Thinking about the dangers of baseball

S alazar story makes sports fans cringe

Sports in Paradise By Dale Jones
Several years ago, I took a weekend trip with some buddies of mine to watch the Atlanta Braves take on the Chicago Cubs. We managed to snag some tickets sitting on the bottom row, just above the wall in left field. Truly great homerun seats if you are a baseball fan.

I had been to many major league games in the past and had caught a foul ball before, but always dreamed about being “that guy” on Sports Center, catching a game-winning homer with my cap as it sails over the wall in the bottom of the ninth.

Around the sixth inning, the couple that was seated to my left decided to make a run to the concession stand for some goodies.

Not 2 minutes after they vacated their seats, catcher Brian McCann stepped to the plate.

What I didn’t know was that my chance at Sports Center fame was just a few seconds away.

This 6’3”, 230-pound Duluth, Georgia native, who has enjoyed numerous homeruns for the Braves over the years, stepped into the batters box at hit a rocket line drive…straight at the left field wall.

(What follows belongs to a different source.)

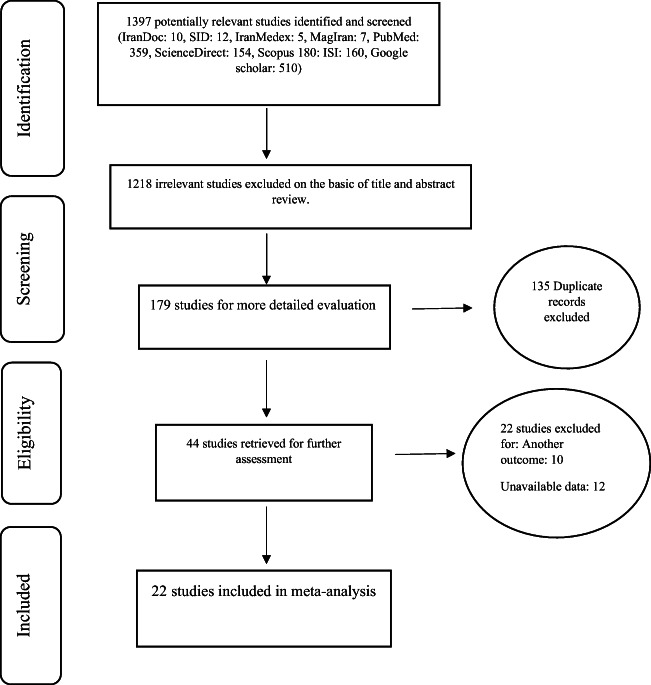 Methods: To identify and select relevant articles, the SID, MagIran, IranMedex, IranDoc, Google Scholar, Cochrane, Embase, ScienceDirect, Scopus, PubMed, and Web of Science (WoS) databases were searched without a lower time limit and until April 2020. The random effects model was used to perform the analysis, and the heterogeneity of studies was assessed using the I2 index. Data were analyzed within the Comprehensive Meta-Analysis (Version 2) software.

My excitement and dreams of signing autographs following my 5 seconds of fame quickly turned to terror as I realized I was in the direct line of fire of this kamikaze baseball.

For the next 48 hours, I watched in horror as Sports Center repeatedly showed the four grown men in the outfield stands at Turner Field DIVING OUT OF THE WAY of the homerun ball…in slow motion.

But here is the thing – that ball bounced off of the seat vacated by the couple that had left to go get a hot dog. I am convinced that had the lady in the seat next me decided to let her husband go get the refreshments, she might not be here with us today. That ball slammed off of the back of her seat and ricocheted back out onto the field. It was downright deadly.

Another friend of mine told me about a major league game he attended where a lady was hit by a foul ball. Medics were rushed to her attention, and as they were helping her to the first aid station, she was hit again by another foul ball.

If you have ever been to minor or major league game, you know that, unless you are sitting behind the netting of the backstop, you could be fair game to a stray ball.

When I heard the news on Wednesday that Atlanta Braves minor league manager Luis Salazar was hit in the face by a Brian McCann foul ball, my thoughts returned to that afternoon in left field. There I was, more than 400 feet away from home plate and at least had time to dive out of the way. Salazar didn’t’ even see it coming. The former player, now in his first season as a Braves manager, obviously didn’t know what hit him.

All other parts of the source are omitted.